Further, Different categories of samples meansigma methodssPass throughIt is calculated, and maximum comparability depends on
Neighbour's number K in class, with the neighbour of test sample y is formula according to Euclidean distance in original training set ΧMeter
Obtain.
Further, all kinds of interior neighbour's the average imagesIt is not direct basis Euclidean distance with the error of test sample yIt is calculated, but based on neighbour's mean chart image setCooperation passes through reconstructed error after representing
Obtain.
Further, before classification, & apos, according to all kinds of interior neighbour's the average imagesWith the error e of test sample yi, cast out easily
The uncorrelated classification interfered to classification, only remains with the front S classes neighbour's sample beneficial to classification, i.e., Cooperation is represented.

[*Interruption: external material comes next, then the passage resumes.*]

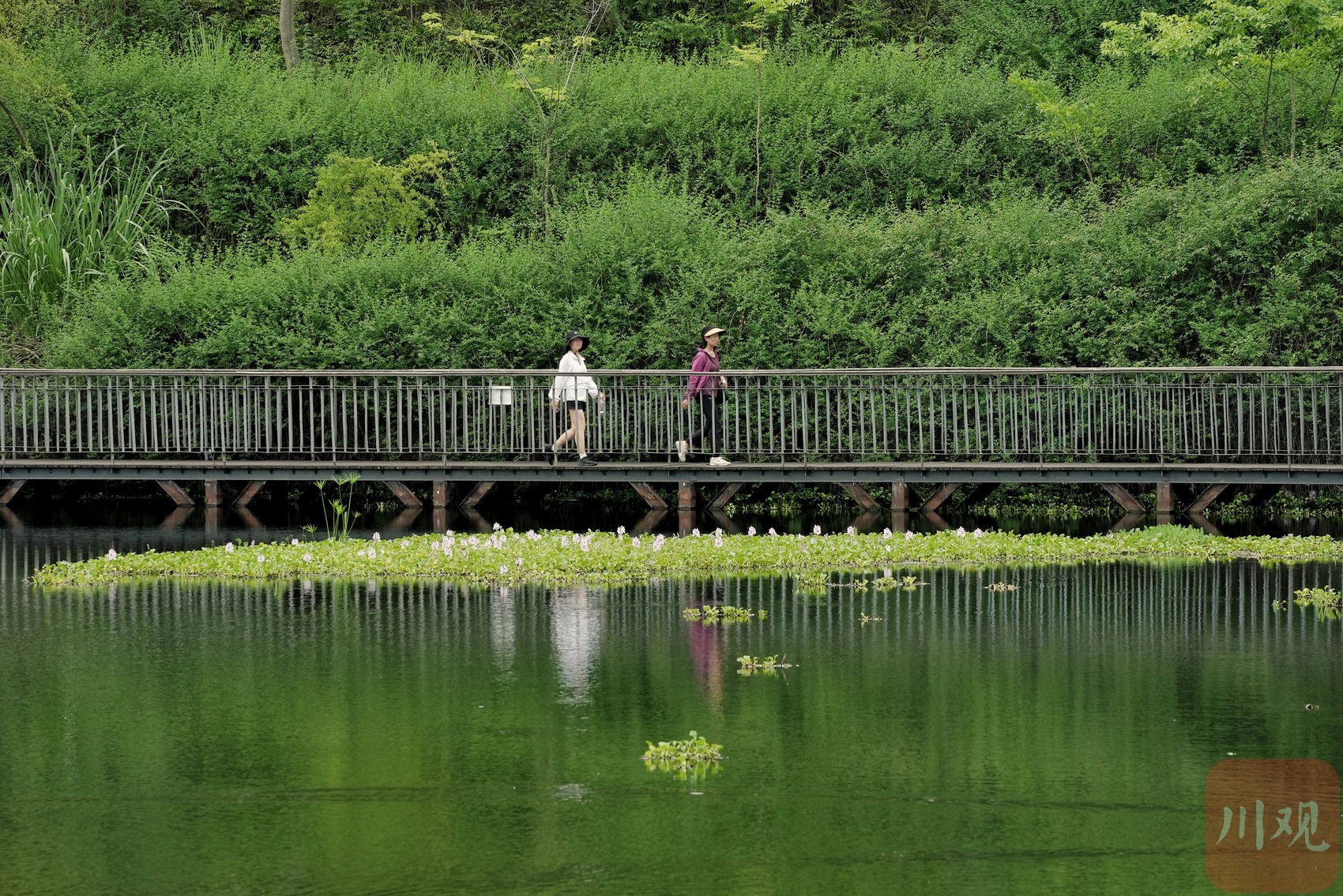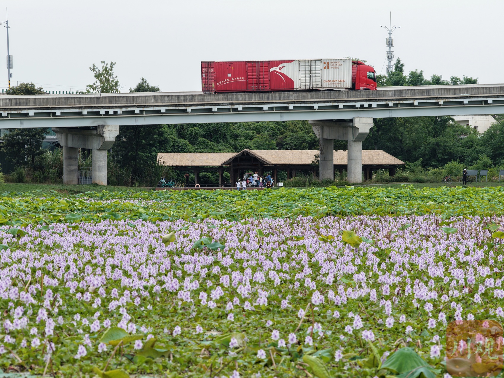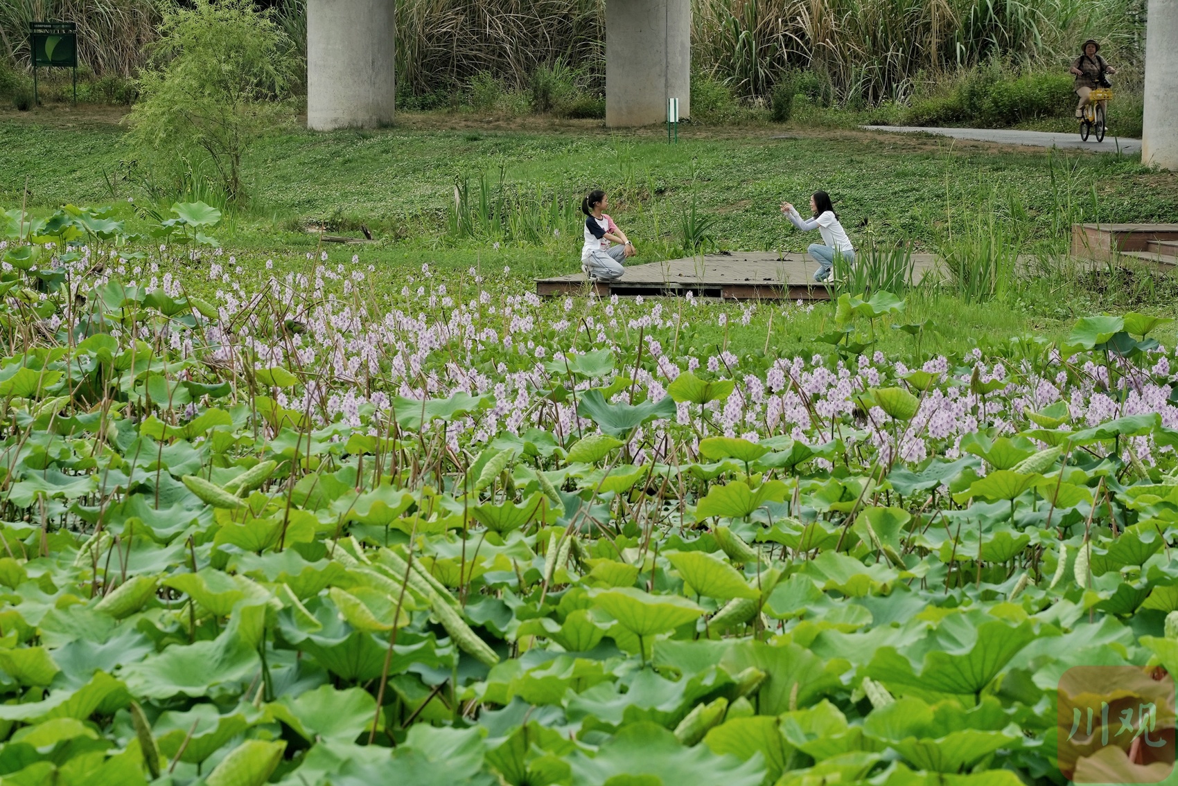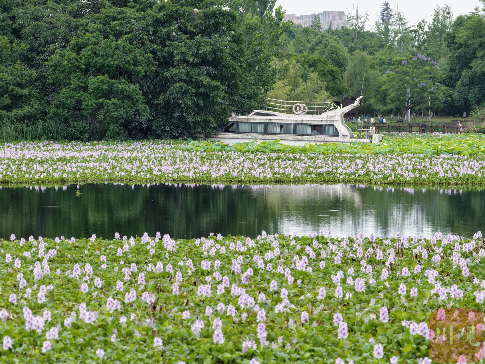 市民沿着木栈道前行,便能邂逅这片令人惊艳的水葫芦花海。

Further, the ownership of test sample y passes through formulaJudge, lead to first
Cross and obtain φ in the second sparse reconstruct to S class neighbour's samplesiValue, then according to φiObtain calculating all kinds of in first time
Neighbour's the average image reconstructed sampleWith the minimum error e of test sample yiCorresponding i values, that is, affiliated classification.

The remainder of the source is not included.